Madre de los Desaparecidos
Seen in a distant land: a middle-aged woman holding a signboard with photos of her (presumably) two adult children, a daughter and a son. Only God, and a few Party officials, know what they have done. Snooped where they shouldn’t have snooped, took a picture of something forbidden, asked that prisoners be fed or peasant laborers be paid. Or perhaps something less noble: purse-snatchings or muggings or running drugs out of a neighboring country. Or maybe they were starting a business but lacked the Party connections of their rivals. For an unpopular person, all such crimes might have the same punishment. Then: doors felled late at night, bags over heads, camps in provinces where foreigners are forbidden to tread. And Mom at the gate in front of the City Center with a signboard.

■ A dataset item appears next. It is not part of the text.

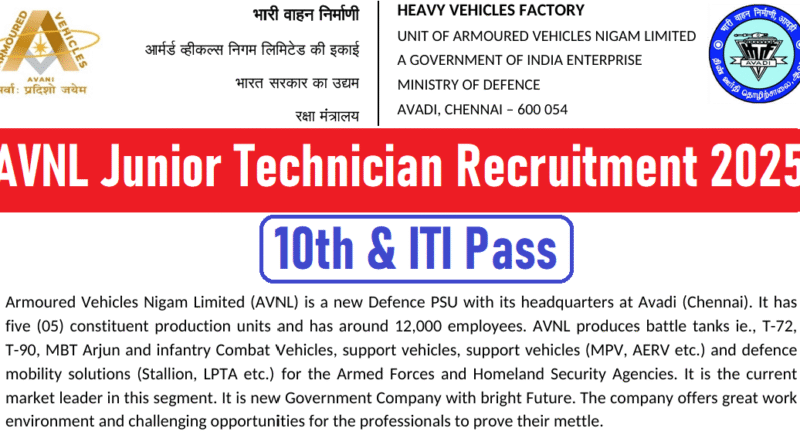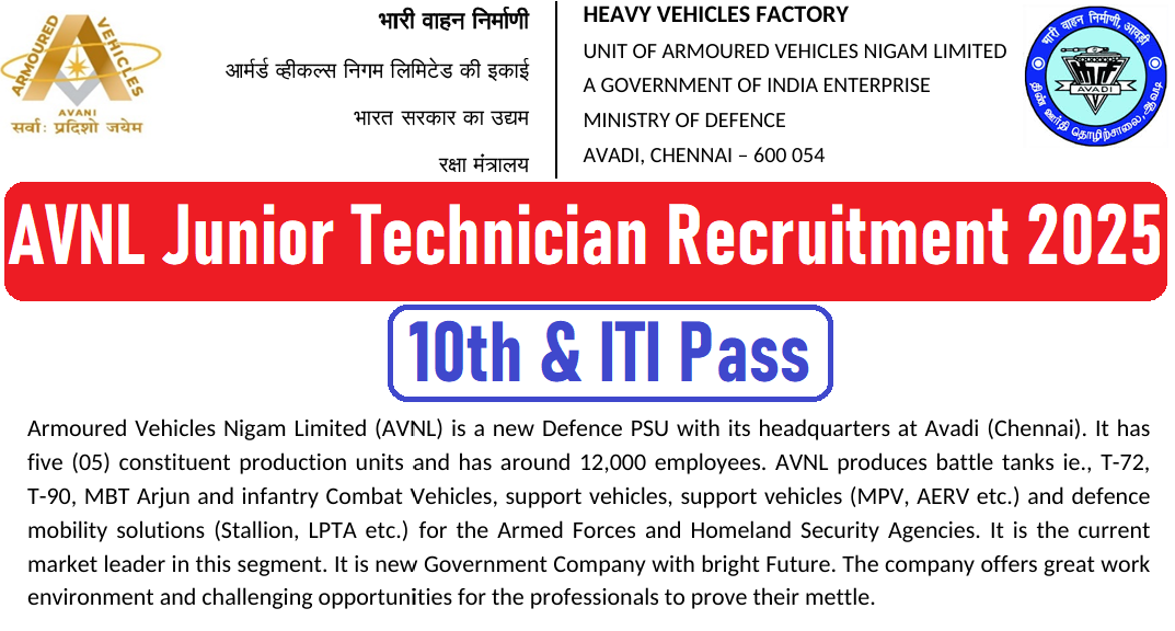 AVNL Junior Technician Recruitment 2025 : Armored Vehicles Nigam Limited (AVNL) की ओर से 98 Posts पर Recruitment निकली है जिसका Offline form शुरू है | AVNL Junior Technician Recruitment 2025 Offline form 01/11/2025 तक भरा जायेगा | 10th+ITI Pass in various candidates AVNL Junior Technician Recruitment 2025 offline form भर सकता है | Interested and eligible candidates AVNL Junior Technician Recruitment 2025 form भर सकते हैं | AVNL Junior Technician Recruitment Full Notification निचे दिया गया हैI AVNL Junior Technician Recruitment Apply Link निचे दिया गया है I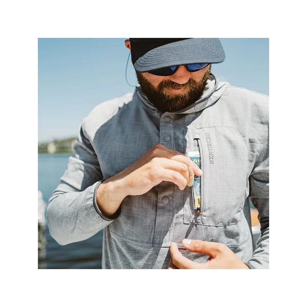 Le Shorebreak Hoodie est un sweat à boutons-pression qui est muni dune capuche ajustable et dune poche zippée à la poitrine. Très agréable à porter, il associe la sensation du coton avec les performances du synthétique pour lutter efficacement contre le vent. La matière principale utilisée dans sa confection lui permet de sécher beaucoup plus vite que la plupart des textiles. Il bénéficie de la technologie anti-odeur Freshguard® et est doté dune protection solaire UPF30. Ses poignets en Lycra sont confortables et ajustés pour un confort optimal en action de pêche.

There are no judges or lawyers in that country. Bureaucracies have Party appointees. A person without favorable Party connections might find himself without a driver’s license, or a travel permit, or a permit to own a telephone. Death by a thousand paper cuts.
The foreigner in that country lives a daily ritual of oblivion. He eats the exciting food and learns the language and rides the rickety public transit and writes funny missives to friends Back Home. He makes sweeping generalizations about the people: they talk excitedly or are quick to smile or make fun of his use of the the language. He does not consider that these wonderful people live always under that shadow. Then, one day, when jogging past the City Center, he sees una madre de los desaparecidos, with her signboard and vacant eyes.
And he thinks: Thank God this isn’t happening Back Home.